Neblinaphryne

Scientific classification
- Kingdom: Animalia
- Phylum: Chordata
- Class: Amphibia
- Order: Anura
- Superfamily: Hyloidea
- Clade: Brachycephaloidea
- Family: Neblinaphrynidae Fouquet et al., 2024
- Genus: Neblinaphryne Fouquet et al., 2024
- Species: N. mayeri (type species) Fouquet et al., 2024; N. imeri Fouquet et al., 2024;

= Neblinaphryne =

Genus of frogs

Neblinaphryne is a genus of frog in the clade Brachycephaloidea. It contains two species, Neblinaphryne mayeri and Neblinaphryne imeri, and is the only member of the family Neblinaphrynidae. It is endemic to the highest parts of the Cerro de la Neblina tepui on the border of Brazil and Venezuela.

== Etymology ==
The genus name is a combination of neblina, the Portuguese word for mist, and phryne, Greek for toad. The specific name of the type species, N. mayeri, honors Brazilian army general Sinclair James Mayer, who helped organize research expeditions to the Pantepui region.
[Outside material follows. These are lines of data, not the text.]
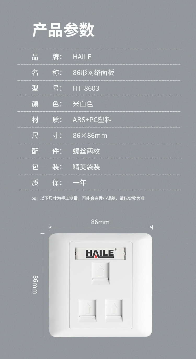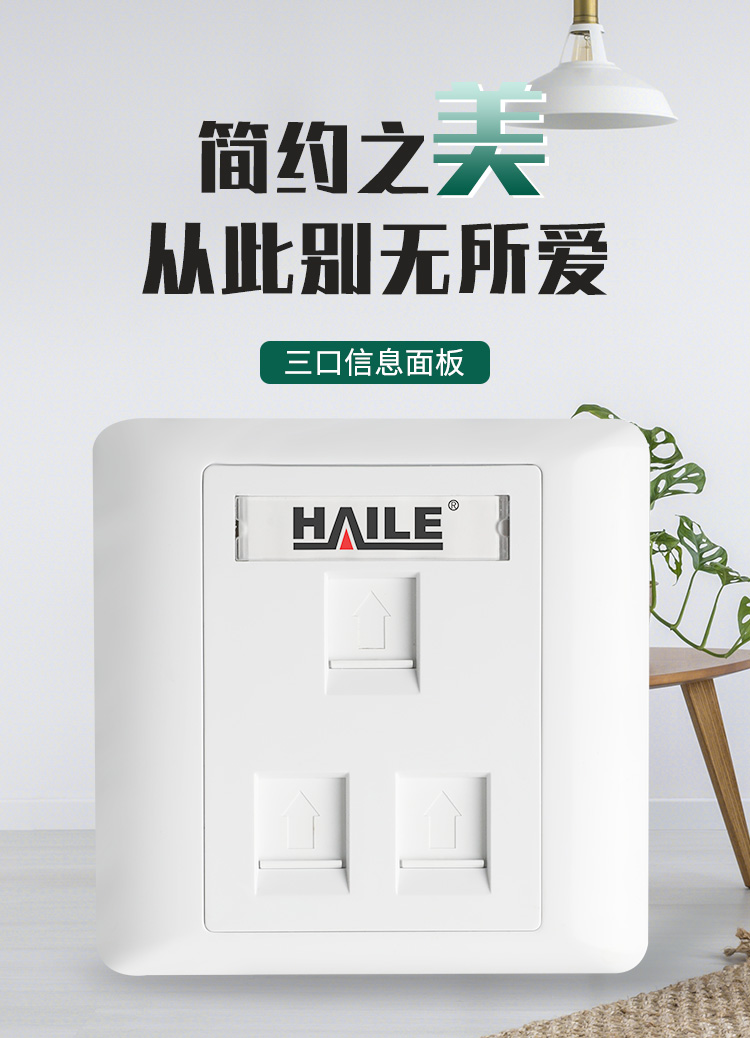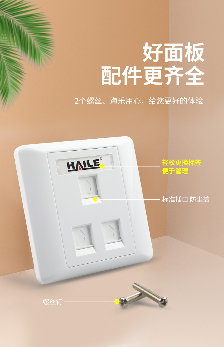 海乐(Haile)86型三口网络信息面板/网线插座/电脑插座/网络信息插座 白色HT-8603 十个装 白色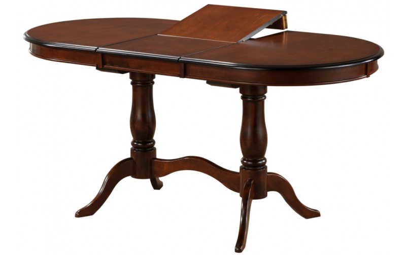 Стол является овальным и раскладным, держится на двух устойчивых ножках. Высота стола составляет 75 см. Длина изделия, в собранном состоянии – 120 см., в разобранном – 159 см., ширина – 80 см. Вес стола равен 33 кг, а объём 0,19 м³.Цвет этой модели – Tobacco или, что одно и тоже, темный орех.
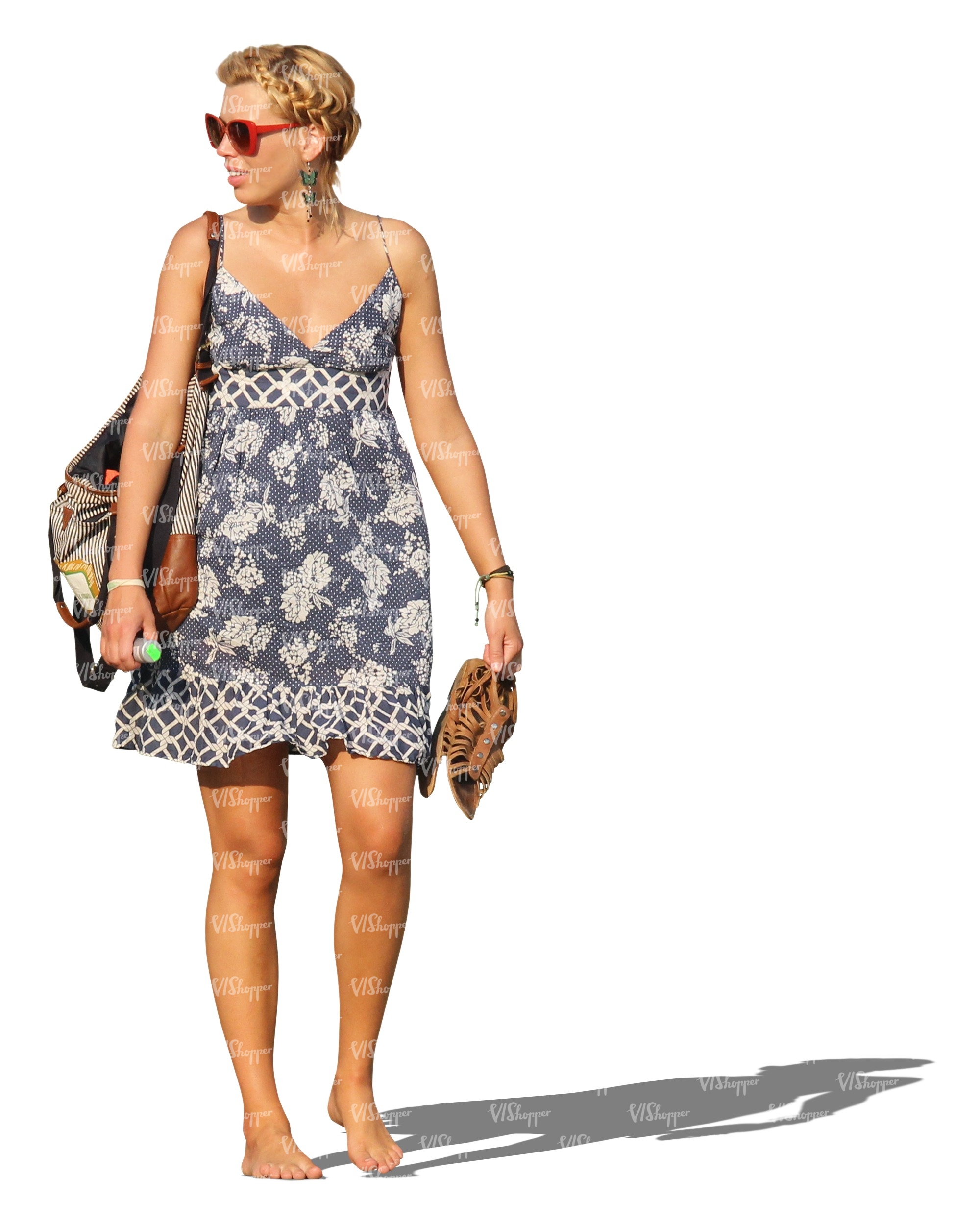 woman in a summer dress walking barefoot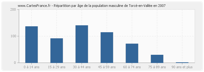 Répartition de la population masculine de Torcé-en-Vallée par âge en 2007 :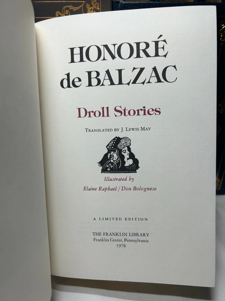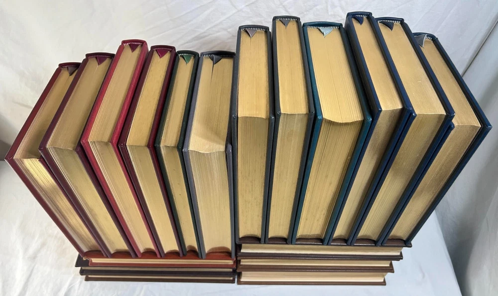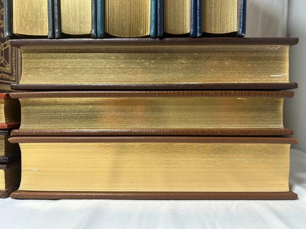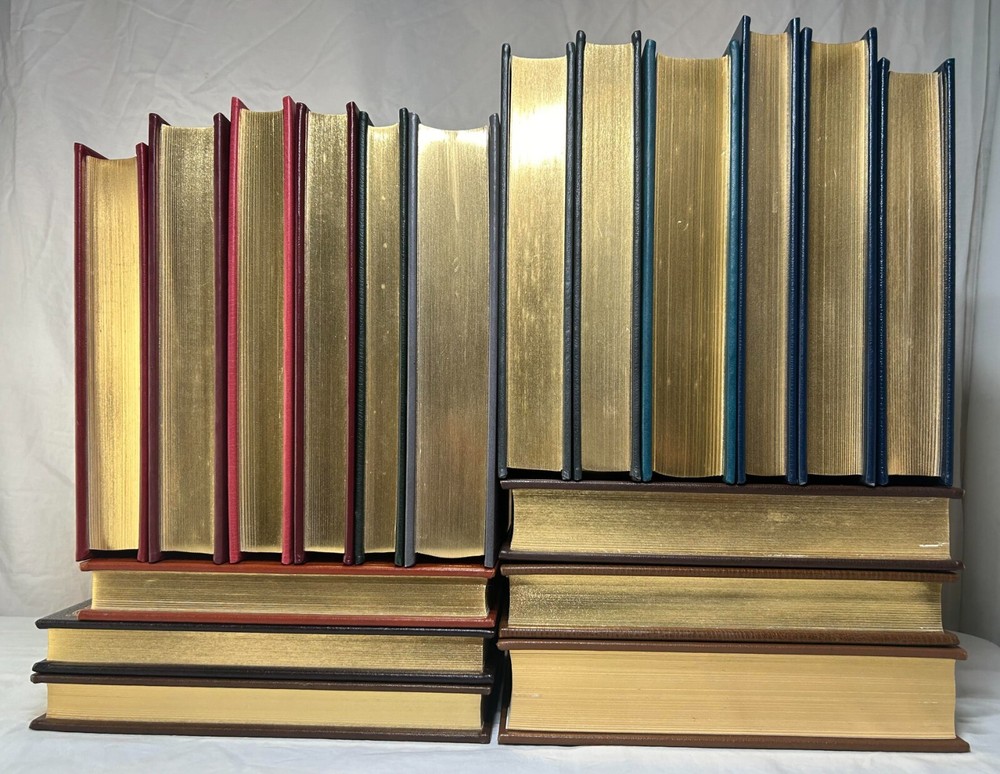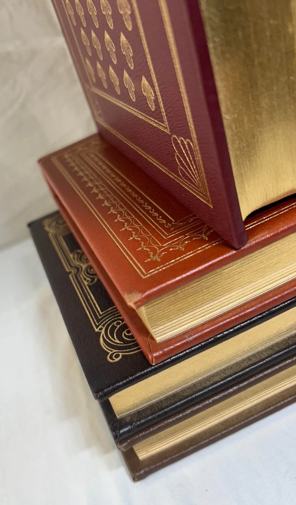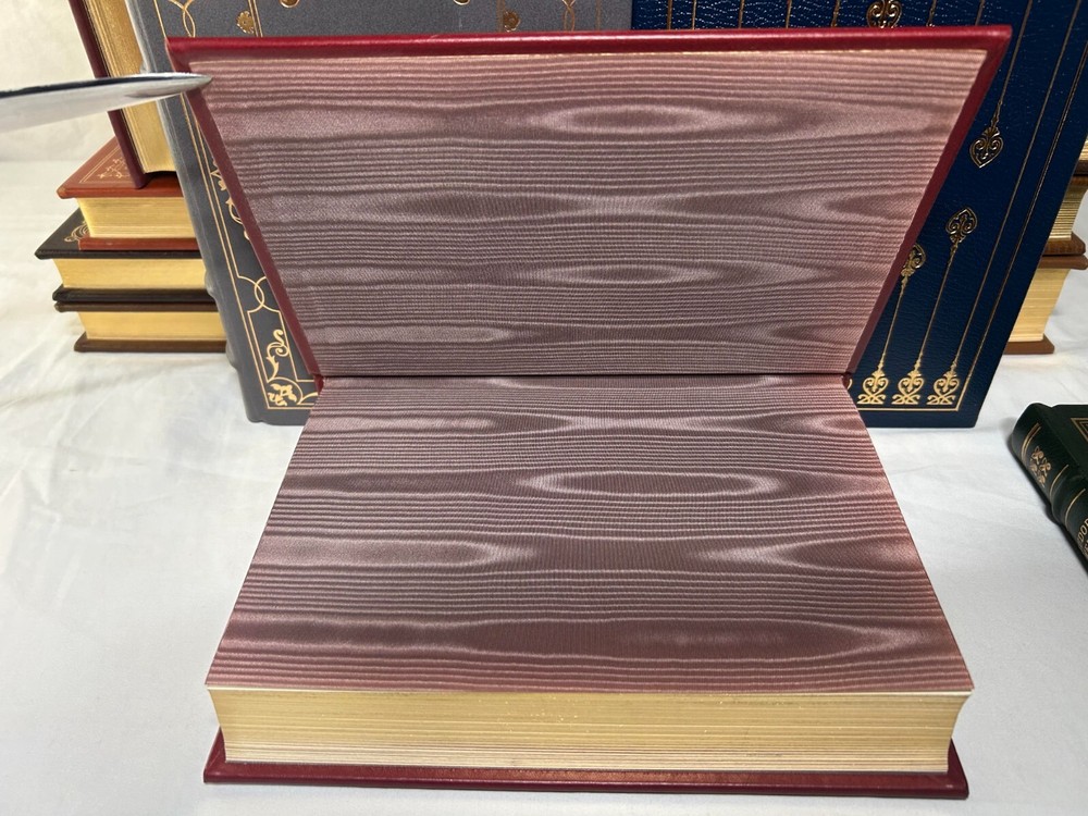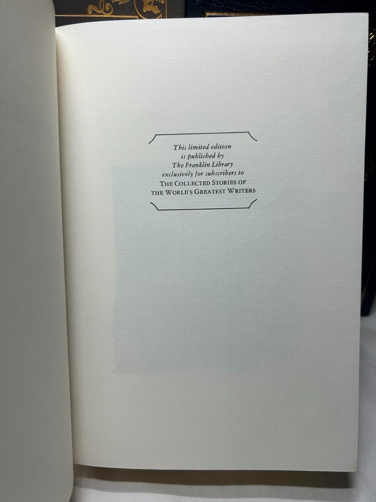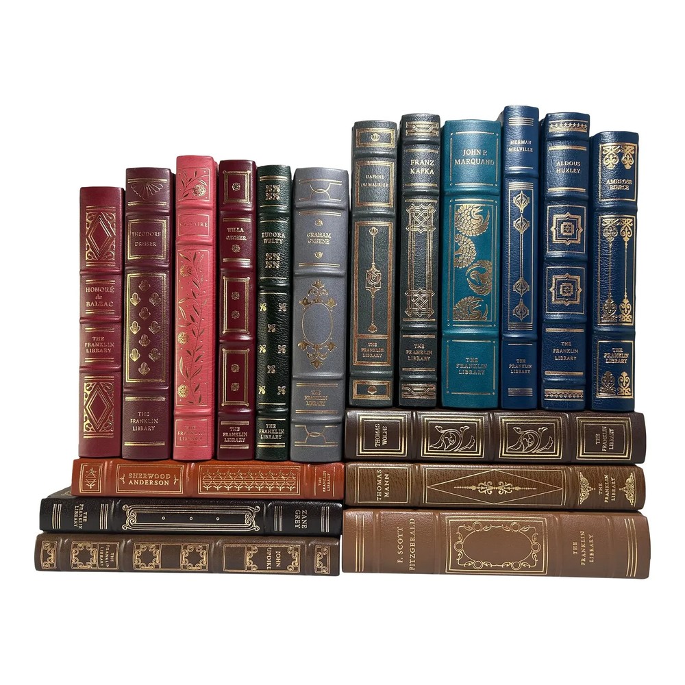 1970s Vintage Franklin Library Collection Limited Edition Leather Books - Set of 18 Books. Offered is a fine collection of (18) Franklin Library books; includes limited edition classic books from 'Collected Stories of the World's Greatest Writers’ collection. Each book is fully leather bound with beautiful covers and contain gorgeous and rich silk moire endpapers. Accented in 22k gold. Measures: 1.25-2 (27.5 overall) W x 6.5-6.75 D x 8.5-9.75 H inches. Approx. total weight: 35 pound, 10 ounces. Collected Stories of the World's Greatest Writers Stories -- Franz Kafka – 1980 Moon Lake, Other Stories – Eudora Welty – 1980 The Best Short Stories – Theodore Dreiser –1980 The Troll Garden, Obscure Destinies --Willa Cather – 1981 Billy Budd, Sailor – The Piazza Tales – Herman Melville –1978 Pigeon Feathers, Other Stories – John Updike – 1981 The Ranger, Other Stories – Zane Grey – 1979 From Death to Morning – Thomas Wolfe –1979 Candide and Zadig – F.A. Arouet – 1977 Collected Short Stories -- Aldous Huxley -- 1981 Winesburg, Ohio -- Sherwood Anderson – 1980 Droll Stories – Honore de Balzac – 1978 Kiss Me Again, Stranger – Daphne du Maurier – 1981 Stories – Thomas Mann – 1978 In the Midst of Life, Tales of Soldiers and Civilians – Ambrose Bierce – 1979 This Gun for Hire, The Confident Agent, The Ministry of Fear – Graham Green – 1978 Mr. Moto’s, Three Aces – John P. Marquand – 1980 Stories – F. Scott Fitzgerald – 1977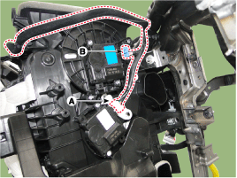 Снимите блок отопителя и вентилятора (А) с защитной накладки (В), предварительно ослабив крепежные гайки.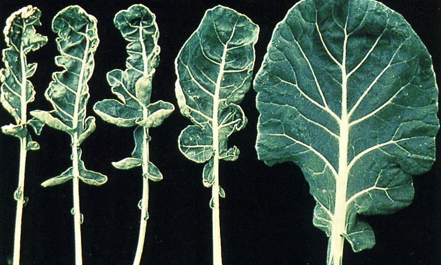 Copper deficiency leads to misshapen leaves, wilted plants, stunted growth as the stem length between the leaves shortens, the colour of flowers is often lighter than normal.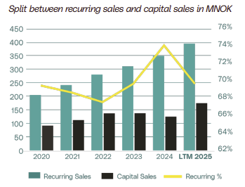 Esimerkiksi Medistim, jota tykkään usein nostaa esille. Yhtiön toistuva liikevaihto nousi noin 74%:iin vuonna 2024, koska laitemyynti oli heikkoa (capital sales). Tämä oli minulle negatiivinen indikaatio, koska laitemyyntihän ajaa tulevaisuuden toistuvaa myyntiä. Vuosi 2025 näyttää huomattavasti paremmalta, vaikka toistuvan liikevaihdon suhteellinen osuus laski kokonaisliikevaihdosta.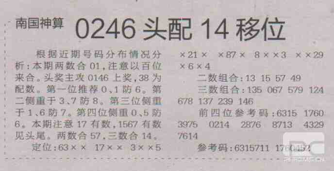 【南国神算】第1711期预测信息<特区报>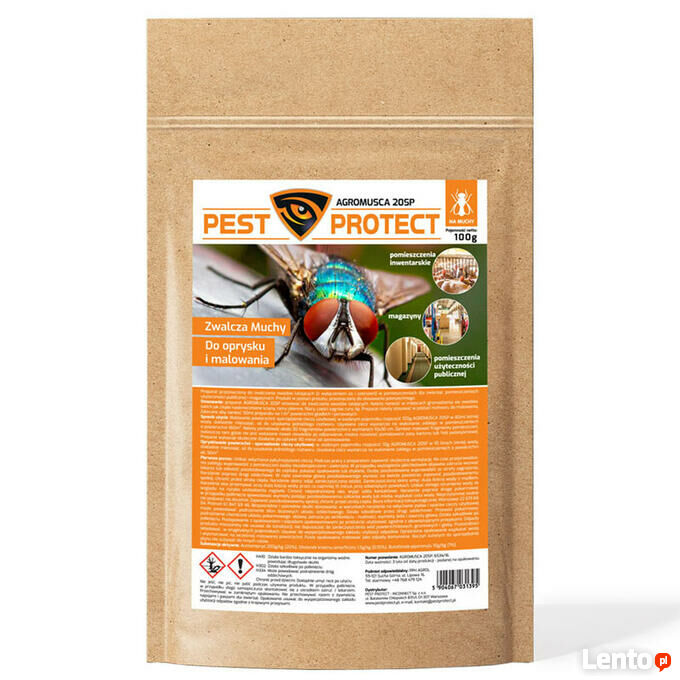 Proszek na muchy do oprysku, malowania.Preparat w postaci koncentratu w proszku Agromusca 20SP PEST Skuteczny i sprawdzony środek biobójczy przeznaczony do zwalczania much w pomieszczeniach inwentarskich, użyteczności publicznej i magazynach.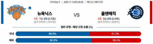 11월 13일 NBA 뉴욕닉스 vs 올랜매직

The specific name of the second named species, N. imeri, refererences the discovery of the species in the Imeri mountain massif.

== Taxonomy ==
Neblinaphryne was described in 2024 alongside Caligophryne, another relict frog genus belonging to its own family that is also endemic to the Neblina massif; both are the first frog taxa described simultaneously as a new species, genus, and family since the purple frog (Nasikabatrachus sahyadrensis, Nasikabatrachidae) in 2003. Their persistence in the region supports the hypothesis of the tepuis serving as refugia for early Cenozoic taxa. In its 2024 description, Neblinaphryne was recovered as the sister group to all other Brachycephaloidea aside from Ceuthomantis, diverging from the group near the end of the Paleocene. In a publication later that year describing a second species, N. imeri, the genus was recovered as the earliest-diverging brachycephaloid clade, followed by Ceuthomantis.

== Threats ==
Due to its very restricted range at the highest reaches of the Neblina massif, N. mayeri is thought to be at high risk from climate change and potential introduction of pathogens like the amphibian fungal disease chytridiomycosis, and it has thus been recommended it be classified as critically endangered on the IUCN Red List.